Assignment:
Only the lines below from the one containing "35e Anniversaire de" through the one containing "Concludo con un" belong in the answer, set down exactly, with the pictures left out.

Records for processing:
= Beginning of Section =

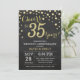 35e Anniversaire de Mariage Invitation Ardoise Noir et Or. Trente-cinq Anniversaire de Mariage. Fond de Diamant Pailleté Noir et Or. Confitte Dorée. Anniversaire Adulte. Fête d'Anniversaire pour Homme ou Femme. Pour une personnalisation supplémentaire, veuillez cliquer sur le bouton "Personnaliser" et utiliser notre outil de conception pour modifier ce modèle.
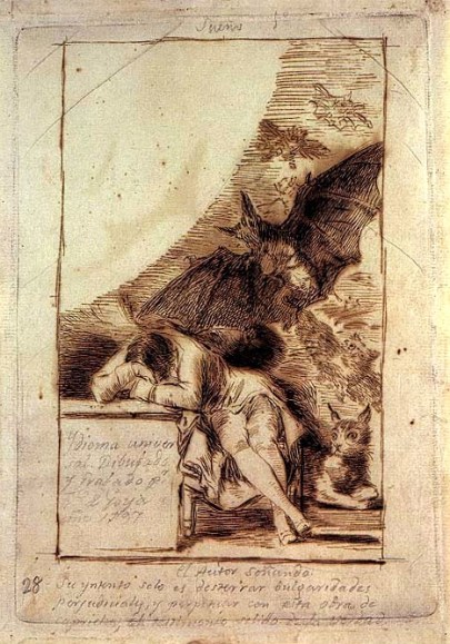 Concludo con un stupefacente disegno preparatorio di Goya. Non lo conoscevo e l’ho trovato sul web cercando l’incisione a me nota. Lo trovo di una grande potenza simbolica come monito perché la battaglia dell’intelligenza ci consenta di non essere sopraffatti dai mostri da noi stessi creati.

= End of Section =
= Beginning of Section =

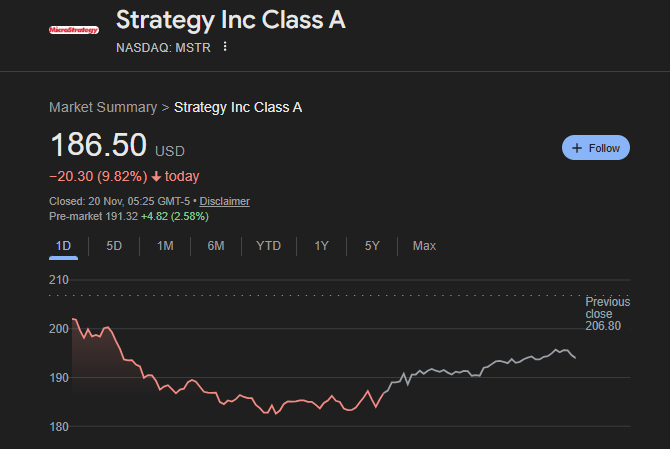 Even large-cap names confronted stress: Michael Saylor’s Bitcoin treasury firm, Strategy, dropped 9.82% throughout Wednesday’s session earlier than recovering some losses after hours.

= End of Section =

Written solution:
 35e Anniversaire de Mariage Invitation Ardoise Noir et Or. Trente-cinq Anniversaire de Mariage. Fond de Diamant Pailleté Noir et Or. Confitte Dorée. Anniversaire Adulte. Fête d'Anniversaire pour Homme ou Femme. Pour une personnalisation supplémentaire, veuillez cliquer sur le bouton "Personnaliser" et utiliser notre outil de conception pour modifier ce modèle.
 Concludo con un stupefacente disegno preparatorio di Goya. Non lo conoscevo e l’ho trovato sul web cercando l’incisione a me nota. Lo trovo di una grande potenza simbolica come monito perché la battaglia dell’intelligenza ci consenta di non essere sopraffatti dai mostri da noi stessi creati.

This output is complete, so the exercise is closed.